- TASK ITEM -
Pictures in the entries below are excluded; copy only the lines from the one containing "of parasympathetic stimulation." to the one containing "每日特惠礼包可通过小额投入赢", both included.

- INPUT -
═══

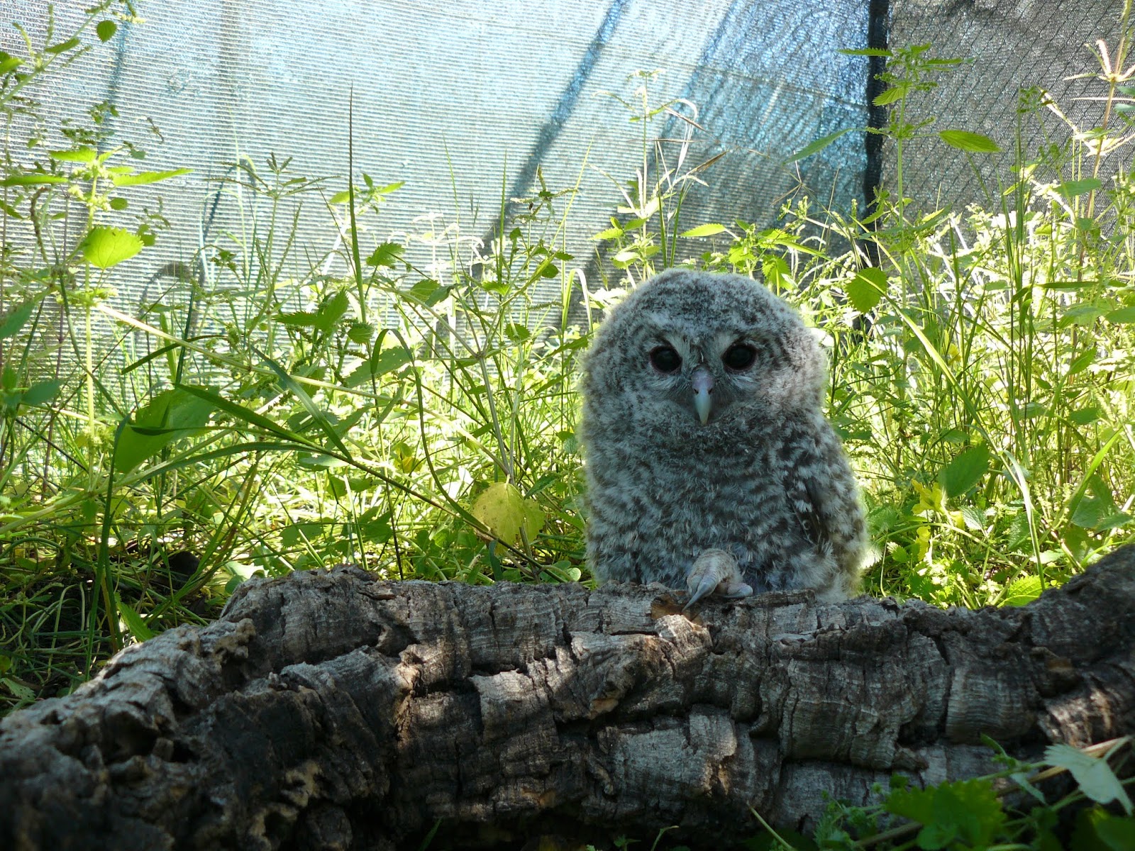 Cria de coruja-do-mato em recuperação em Abril de 2018
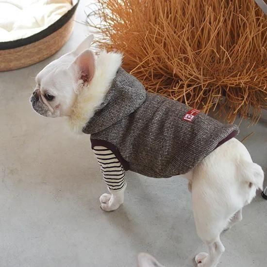 『ツイード生地みたいなフリースで作ったノースリーブパーカー』は、フード周りにフェイクファーが付いていてとても秋冬らしい一着。
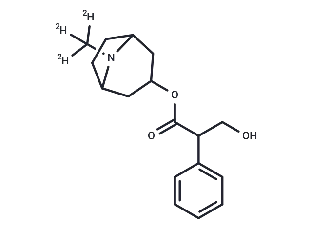 – (±)-Atropine-d3 (N-methyl-d3) is a deuterated compound of (±)-Atropine. (±)-Atropine has a CAS number of 51-55-8. Atropine Sulfate is the sulfate salt of atropine, a naturally-occurring alkaloid isolated from the plant Atropa belladonna. Atropine functions as a sympathetic, competitive antagonist of muscarinic cholinergic receptors, thereby abolishing the effects of parasympathetic stimulation.
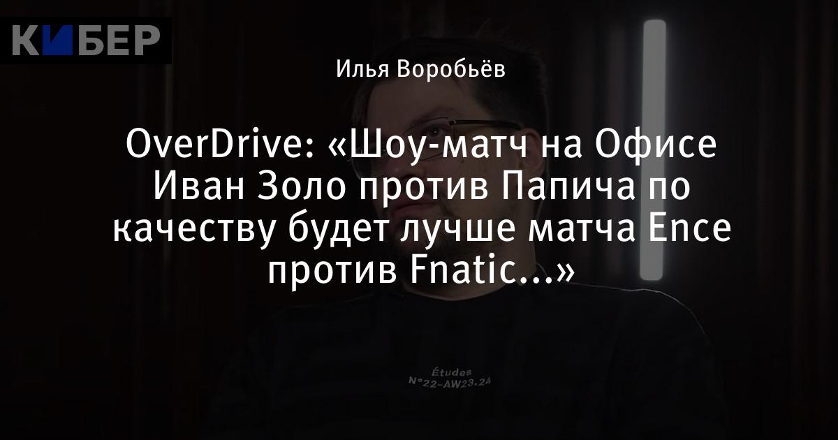 «Шоу-матч на Офисе Иван Золо против Папича по качеству будет лучше матча Ence против Fnatic...» – написал Алексей «OverDrive» Бирюков.
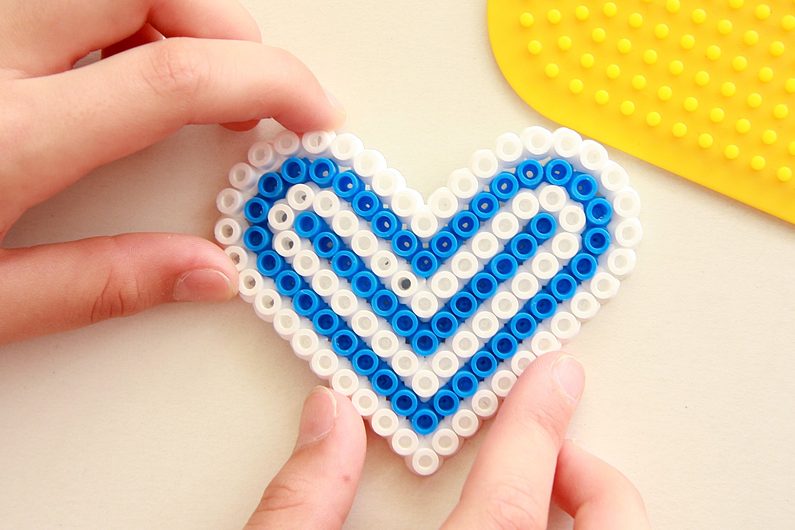 Až se korálky spečou po celé ploše dohromady, necháme obrázek pár minut vychladnout. Následně jej sundáme ze zažehlovací podložky. Pro větší pevnost můžete obrázek zažehlit i z druhé strany stejným způsobem. Zažehlené obrázky mají mnohdy tendenci se zlehka kroutit, můžete je ještě za tepla strčit pod knihy, aby byly po vychladnutí rovné.
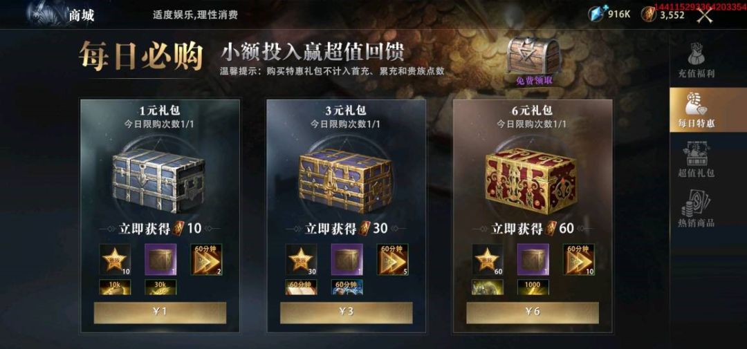 每日特惠礼包可通过小额投入赢超值回馈,包含1元礼包、3元礼包与6元礼包3个礼包种类,每个礼包每日限购一次,且购买此特惠礼包不计入首充、累充和贵族点数。
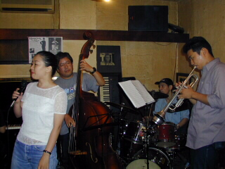 ただいま練習終わってみんなでわいわいやってます゜今日は西条の泰さんがボーカルのたにもとさんというかたをつれてあそびにきてくれました。みんなに1回ぐらいメールいれてみんかい!と言われて必死でなれない初メールをいれてみました。・・・・・山本慎二(ジャズ切磋メーリングリストより抜粋)

═══

- WRITTEN ANSWER -
 – (±)-Atropine-d3 (N-methyl-d3) is a deuterated compound of (±)-Atropine. (±)-Atropine has a CAS number of 51-55-8. Atropine Sulfate is the sulfate salt of atropine, a naturally-occurring alkaloid isolated from the plant Atropa belladonna. Atropine functions as a sympathetic, competitive antagonist of muscarinic cholinergic receptors, thereby abolishing the effects of parasympathetic stimulation.
 «Шоу-матч на Офисе Иван Золо против Папича по качеству будет лучше матча Ence против Fnatic...» – написал Алексей «OverDrive» Бирюков.
 Až se korálky spečou po celé ploše dohromady, necháme obrázek pár minut vychladnout. Následně jej sundáme ze zažehlovací podložky. Pro větší pevnost můžete obrázek zažehlit i z druhé strany stejným způsobem. Zažehlené obrázky mají mnohdy tendenci se zlehka kroutit, můžete je ještě za tepla strčit pod knihy, aby byly po vychladnutí rovné.
 每日特惠礼包可通过小额投入赢超值回馈,包含1元礼包、3元礼包与6元礼包3个礼包种类,每个礼包每日限购一次,且购买此特惠礼包不计入首充、累充和贵族点数。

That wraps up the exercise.